Zeigarnik Effect→ We have stronger memories for uncompleted tasks. The earlier you ‘open up’ a task, the longer your mind will work on it, and the more you’ll remember. 

⁍ Practice ‘Interleaving’ → Choose ‘varied’ over ‘block’ practice. Rather than doing a block of the same question types, mix it up with different subjects. This random assortment and unpredictability results in a deeper memory trace and better mastery…even if it doesn’t feel as good initially (see Robert Bjork’s desirable difficulty→ slow down short term performance for long term retention).

🎓Teach!

⁍ Teach to Master→ It’s the fastest way to identify conceptual gaps. You should be able to explain your subject to a 5 year old. Read Barbara Oakley’s Learning How to Learn or Peter Brown’s Make it Stick

🖼 The Hyguru Day

A HyGuru day is your masterpiece, perfect day…within the constraints of reality with the inevitable distractions baked in. It might go something like this. 

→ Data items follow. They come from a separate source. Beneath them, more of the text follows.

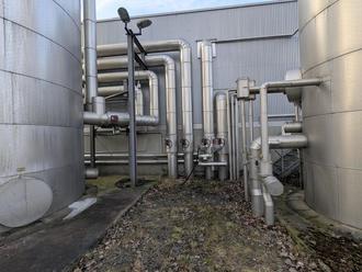 Fernwärmeleitungen an der Wärmeübergabestation der Fernwärme Mayen
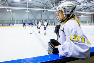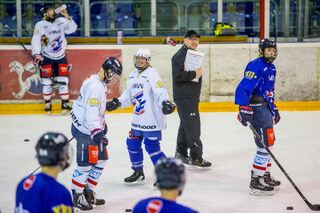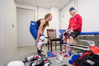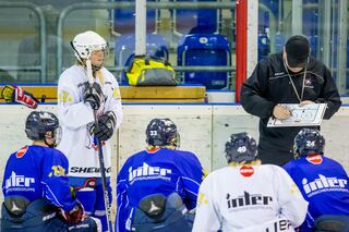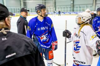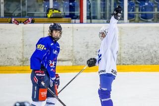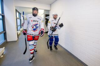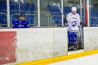Nach dem Training auf dem Weg zurück in die Kabine mit Valentino Kros.
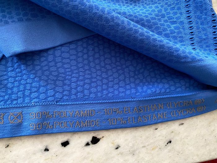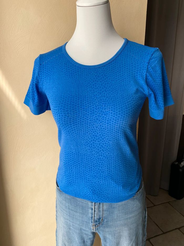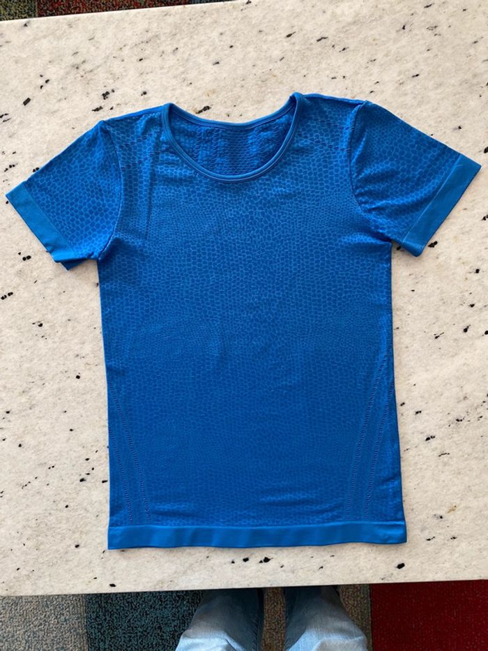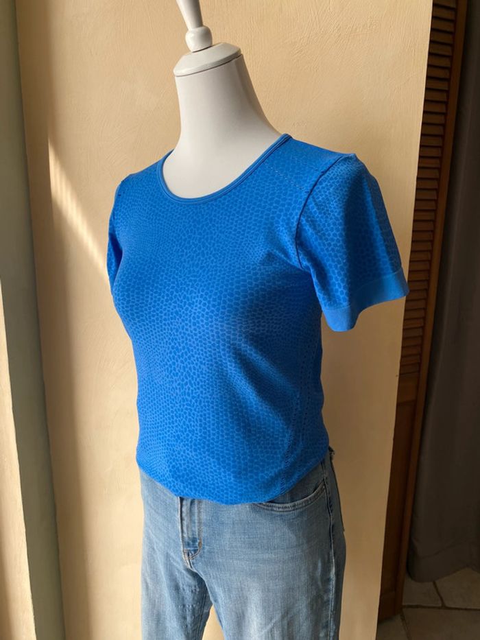 T-shirt sport bleu Crivit M Moulant Ajouré par endroit Manches courtes Largeur épaule 34 Largeur poitrine 40 Longueur dos 58
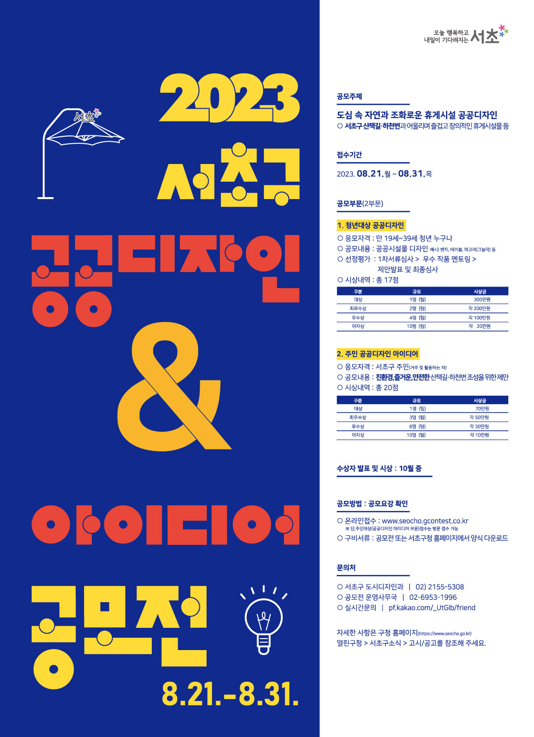 ◈ 문의사항 - 온라인 접수 : www.seocho.gcontest.co.kr - 실시간문의 : pf.kakao.com/_UtGIb/friend - 전화문의 : 02-6953-1996
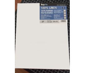 Lin à grain moyen. 2 couches de colle de peau, enduction acrylique 'au sabre'.
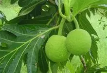 面包树 Fosberg)是桑科波罗蜜属植物。叶大,成熟之叶羽状分裂,表面深绿色,背面浅绿色;穗状花序单生叶腋,雄花序长圆筒形至长椭圆形或棒状;聚花果倒卵圆形或近球形;花期为3~5月,果期为7~10月。…全部>>
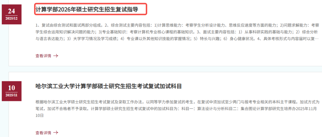 哈尔滨工业大学计算学部发布了2026年硕士研究生招生复试指导,此前还公布了复试加试科目,有报考该专业的同学一定要重点关注。
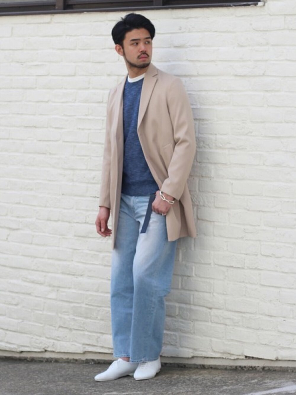 クリーンな色味が印象的なチェスターコートをメインにEDIFICEらしくシックなバランス感にまとめた大人カジュアルコーデの提案です。

⁍ AM purpose > PM entertainment

  • Get a good night sleep
  • Decide not to decide→ pick your work the night before, whatever requires your clearest attention, set your goal(s) for the following day, set up your desk and even your coffee

⁍ Be creative before reactive

  • Wake up and do not touch your phone
  • Morning breathing and values/gratitude journaling
  • Early morning 60-90 minute study burst in ‘monk mode,’ NO DISTRACTIONS (avoid ‘attention residue’)
  • Recover by exercising→ boost your mood, concentration, and sleep
  • Eat a good breakfast

⁍ Ultradian rhythms & blocks

  • 90 minutes on/20 minutes off→ Set blocks for study, for recovery, and for email
  • Serotonin/oxytocin rather than dopaminergic recovery→ recover with a walk or a conversation rather than email

⁍ Shutdown Complete!

  • Close your books at a certain time and train your recovery
  • Debrief→ chart progress, reflect on accomplishment & evaluate for improvement, iterate (get curious not furious→ growth mindset)
  • Train your recovery with leisure and solitude
  • Recharge with nighttime/bedtime routine

⁍ AM purpose > PM entertainment→ do it all again!